His first tweet came shortly after 11:00 am on Monday with the declaration that “#ImWithHer” which is the way today’s editors and pundits communicate with each other and the world. And then he went on declaring that Oprah had been with Kristol on Iraq while reminding us that she’s more “touchy feely” than Joe Biden, “more pleasant” than Andrew Cuomo, “more charismatic” than Colorado’s John Hickenlooper and, ah yes, younger than the lot of them.

More important, at least from Mr. Kristol’s perspective, was his tweeted assurance that the lady is as neoconservative as he since she supported the invasion of Iraq. It’s not unusual for supporters to invest their candidates with their own beliefs, but convincing oneself that a daytime television entertainer is an ideological soul-mate impresses one as a step too far. Once he started Kristol couldn’t seem to stop, arguing that she would be a better president than Mr. Trump because she “comes from infinitely more challenging circumstances than Trump, is wealthier than Trump, has read more books than Trump, is more stable than Trump, and isn’t under investigation by the Justice Department.”

Bill Kristol is a bright guy and edits an often sprightly magazine, but lives in a political fantasyland and loves to share his fantasies with the rest of us. He’s been in something of a funk since the Iraqi adventure he urged on the Bush Administration went bad and positively beside himself since Mr. Trump moved into the Oval Office. Of Mr. Trump’s many shortcomings is his failure to appreciate the need to risk everything to remake the world in the American image. Mr.
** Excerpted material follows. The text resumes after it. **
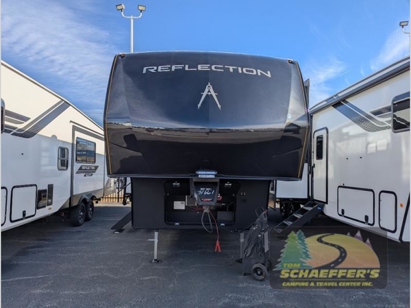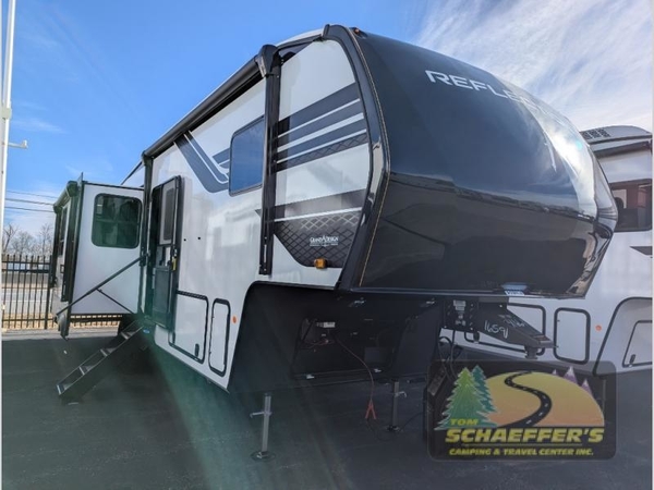 With any Reflection fifth wheel by Grand Design, you will have a solar panel for off-grid camping and a 60 amp charge controller and inverter prep, a Universal All-In-One docking station, unobstructed pass-through storage, and Goodyear Endurance tires. Each is constructed of gel coat exterior sidewalls, residential 5" truss rafters, walk-on roof decking, a fiberglass and radiant foil roof and front cap insulation plus laminated aluminum framed side walls, roof and end walls in slide rooms. Head inside to enjoy residential hardwood cabinet doors, premium Congoleum flooring, a spacious shower with a glass door, and many more comforts!

Kristol and his neo-conservative sidekicks like New York Times columnist David Brooks spent years promoting their view of “American Greatness” which differs greatly from Mr. Trump’s desire to “Make America Great Again.” Mr. Kristol argues that the greatness of a nation depends on its leadership on the world stage rather than on conditions at home. When the Cold War ended, he vociferously argued for a new “crusade” in which the nation could engage, he got one … in Afghanistan and Iraq and we all know how that’s gone.
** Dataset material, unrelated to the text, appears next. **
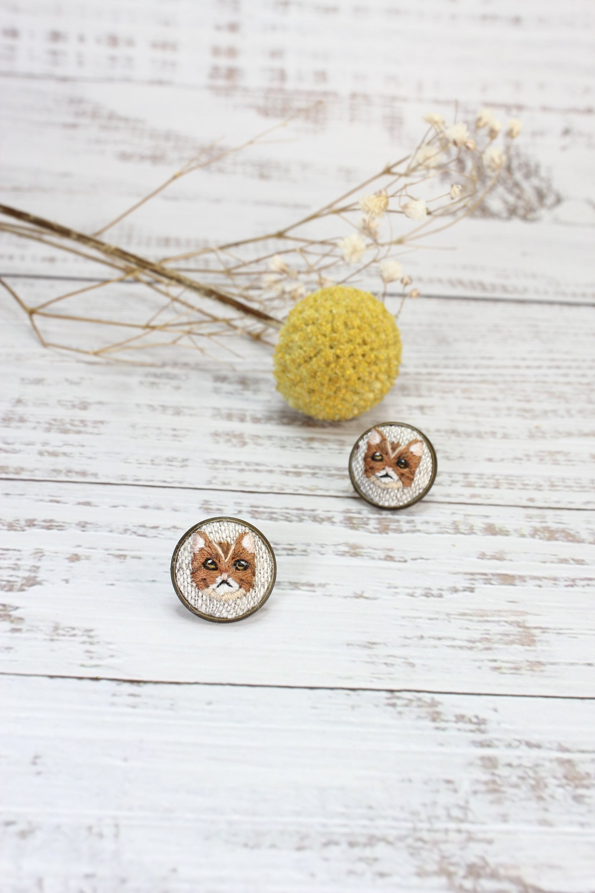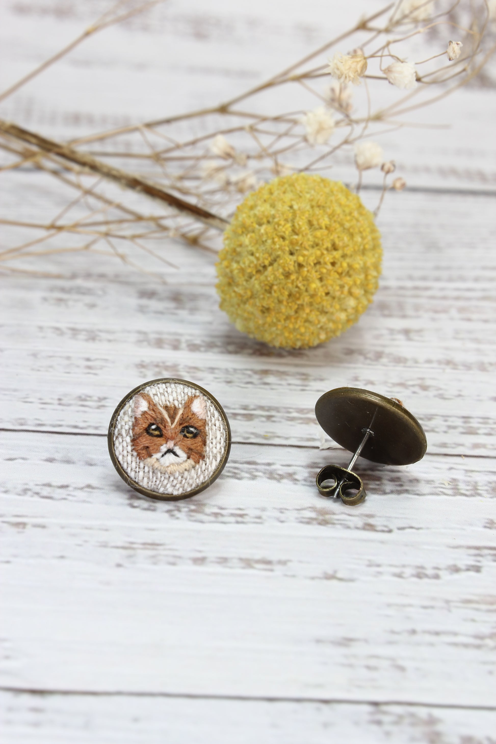 * These Embroidery Orange Cat Studs Earrings are made in an Antique Bronze Bezel

Mr. Trump is all about what goes on here at home. He cares more about how Americans earn their livings and raise their families than in turning foreign nations into little Americas. And when he talks about rebuilding infrastructure he’s more likely to be talking about bridges in the Midwest than in Iraq and Afghanistan. That focus on improving the lives of those Mr. Kristol and his friends see more as recruits for the next great foreign adventure than as people may be why Mr. Trump rather than one of their own is sitting in the White House today.

Oprah Winfrey is a bright and successful lady. She may or may not be interested in pushing all her chips to the center of the table on a bet that she can be elected president, but she didn’t get to where she is by being what Mr. Kristol projects her to be.